SAN FRANCISCO -- In San Francisco, there's a tattoo shop that's changing the landscape for tattoo enthusiasts and cancer patients, alike.
"I think it's really exciting to be at the cutting edge of what tattoos can be," say artist Evan Price.
Price is a resident tattoo artist at Ephemeral Tattoo in San Francisco. Ephemeral is the world's first made-to-fade tattoo ink. The "temporary" tattoos are applied the same as traditional tattoos, but made to fade away over time.
"We're going to the same depth, we're using the same machines, the only difference is that these ones are going to fade away over time," says Price.
"A lot of people say that the sensation is comparable to a cat scratch, I think it's a pretty good comparison for the sensation," she added.
Price says that the only difference for the artist applying the tattoo is it changes in hand speed and machine speed.

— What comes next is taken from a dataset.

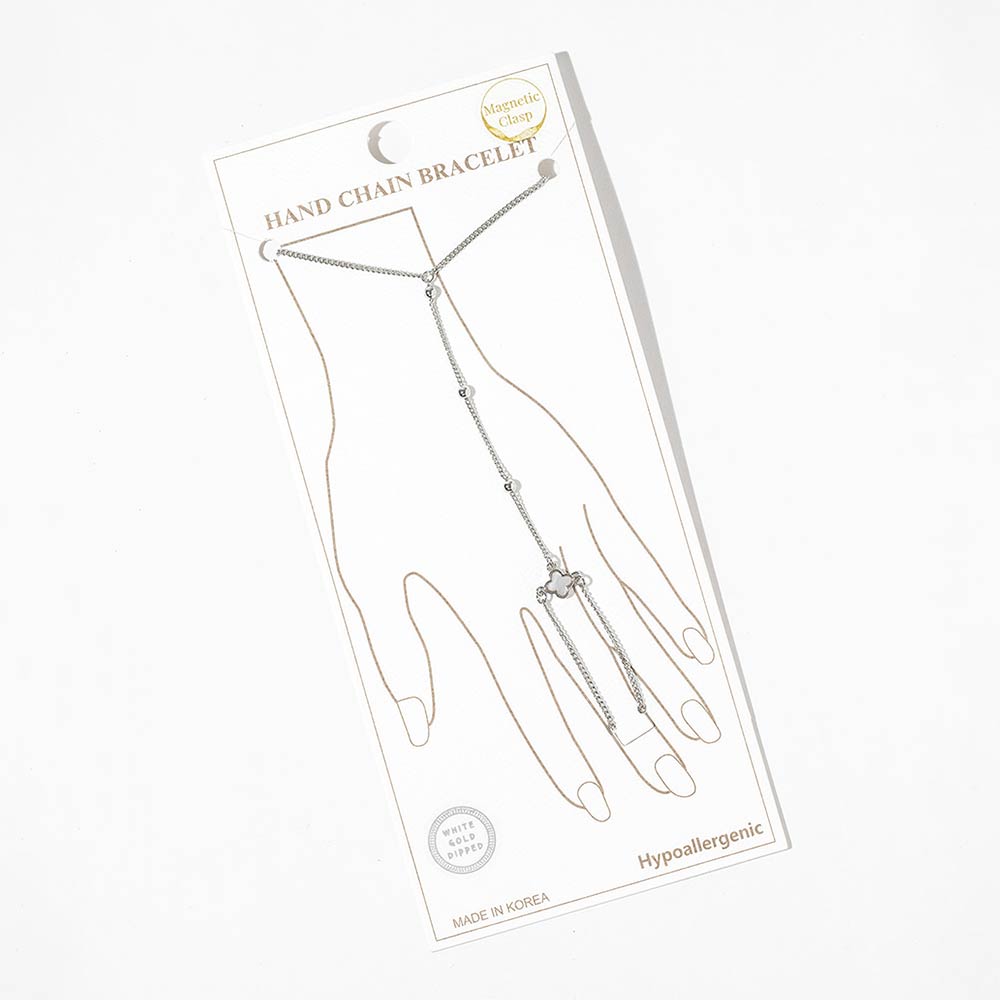 White Gold Dipped Delicate Beaded Mother of Pearl Quatrefoil Accent Hand Chain Magnetic Bracelet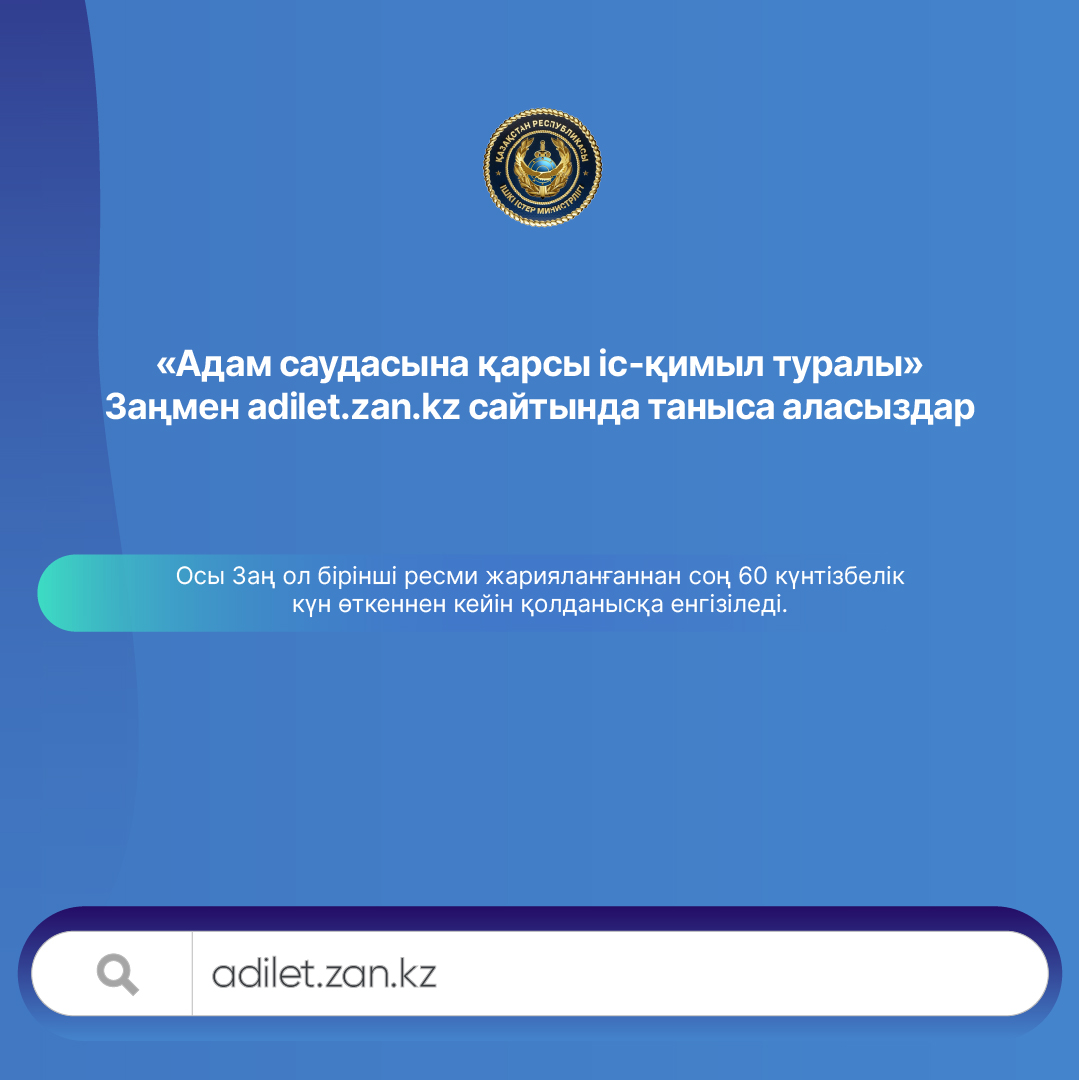 Мемлекет басшысы ағымдағы жылғы 5 шілдеде «Адам саудасына қарсы іс-қимыл туралы» Қазақстан Республикасының Заңына қол қойды, ол алғашқы ресми жарияланған күннен кейін 60 күнтізбелік күн өткен соң, яғни ағымдағы жылғы 5 қыркүйекте күшіне енеді.

"It's such an exciting new medium in tattooing," she says. "It's very fulfilling to be able to do people's first tattoos, and to be that entry into tattooing in general."
This year, Ephemeral expanded the use of their fading ink to cancer treatment centers.
"Tattoos have been used forever setting our patients up for the radiation treatments," says Dr. Farzan Siddiqui, Vice Chair of Radiation Oncology at Henry Ford Health. "But as you know, our tattoos are permanent. And we wanted to look for something that would not be permanent."
Ephemeral for Radiotherapy replaces the permanent tattoo ink used in radiation treatments, with made-to-fade ink.
"It's a really small dot, but it has such a huge psychological impact," says Brennal Pierre, Co-Founder of Ephemeral. "If we can even just make life a little bit better for cancer patients, then, you know, that's a huge win for us. And for everyone. I think."
Currently, Ephemeral for Radiotherapy is only available in the clinical study with the Henry Ford Health in Detroit, Michigan.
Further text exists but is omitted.